The World Bank has cut its 2017 growth estimate for Kenya’s economy to 4.9 percent, which would be the slowest annual expansion in five years, due to drought, sluggish credit growth and a prolonged election season, it said on Thursday.
The lender had already cut its initial forecast by half a percentage point in April, to 5.5 percent, citing the severe drought in the first half and the drop in private sector growth.
The Kenyan economy has since been buffeted by political risks after the Supreme Court nullified an Aug. 8 election and ordered a re-run that was boycotted by the opposition.
“Private sector activity weakened over the first three quarters of 2017 on account of the election induced wait-and-see attitude,” the World Bank said in its report on the economy.
The drought drove up inflation and cut consumer demand. The main Purchasing Managers’ index for manufacturing and services plunged to a new low in October due to the political uncertainty.
President Uhuru Kenyatta was sworn in for a second five-year term but main opposition leader Raila Odinga has said he will hold a parallel “swearing-in” ceremony next week.
Growth is expected to rebound to 5.5 percent in 2018 and 5.9 percent in 2019, the World Bank said, provided the government implements policy remedies like the removal of a cap on commercial lending rates.
Private sector credit growth slipped to 1.6 percent in the year to August, its lowest level in over a decade.
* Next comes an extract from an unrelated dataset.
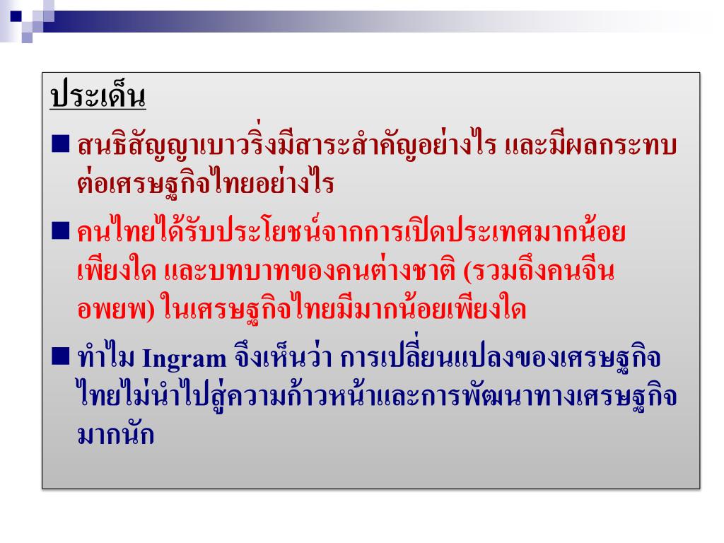 ประเด็น สนธิสัญญาเบาวริ่งมีสาระสำคัญอย่างไร และมีผลกระทบต่อเศรษฐกิจไทยอย่างไร คนไทยได้รับประโยชน์จากการเปิดประเทศมากน้อยเพียงใด และบทบาทของคนต่างชาติ (รวมถึงคนจีนอพยพ) ในเศรษฐกิจไทยมีมากน้อยเพียงใด ทำไม Ingram จึงเห็นว่า การเปลี่ยนแปลงของเศรษฐกิจไทยไม่นำไปสู่ความก้าวหน้าและการพัฒนาทางเศรษฐกิจมากนัก
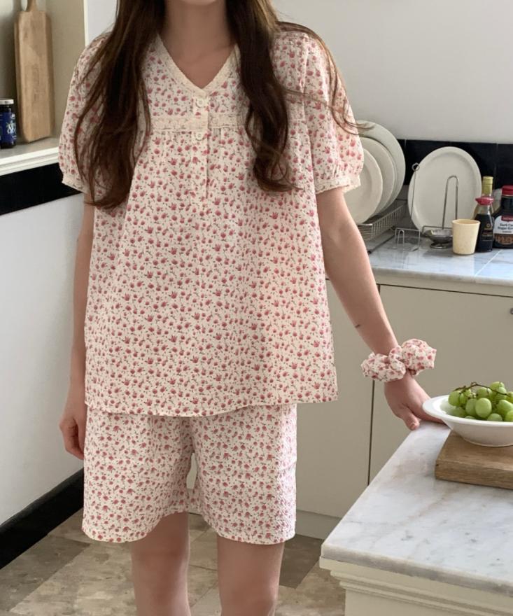 [직진🚀] 가든 여름 반팔 잠옷 원피스 파자마 시어서커 홈웨어 세트 2type

“Removing the interest rate cap can help jump-start domestic credit to the private sector,” the bank said in the report.
The government also needed to boost revenue collection in order to cut its budget deficit. “Safeguarding macroeconomic stability -- a foundation for robust growth -- will require fiscal consolidation,” the World Bank said.
It said Kenya, whose budget deficit climbed to 9 percent in the year to the end of June, can cut recurrent expenditure to reduce pressure on public finances.
The East African nation issued its debut Eurobonds in 2014 and has asked banks for proposals for more dollar bonds to be issued in the first quarter of next year.
Economists say although Kenya’s recent annual growth rates of 5-6 percent are respectable, it needs to increase them to the upper single digits on a sustained basis to have a meaningful impact on job creation and poverty reduction.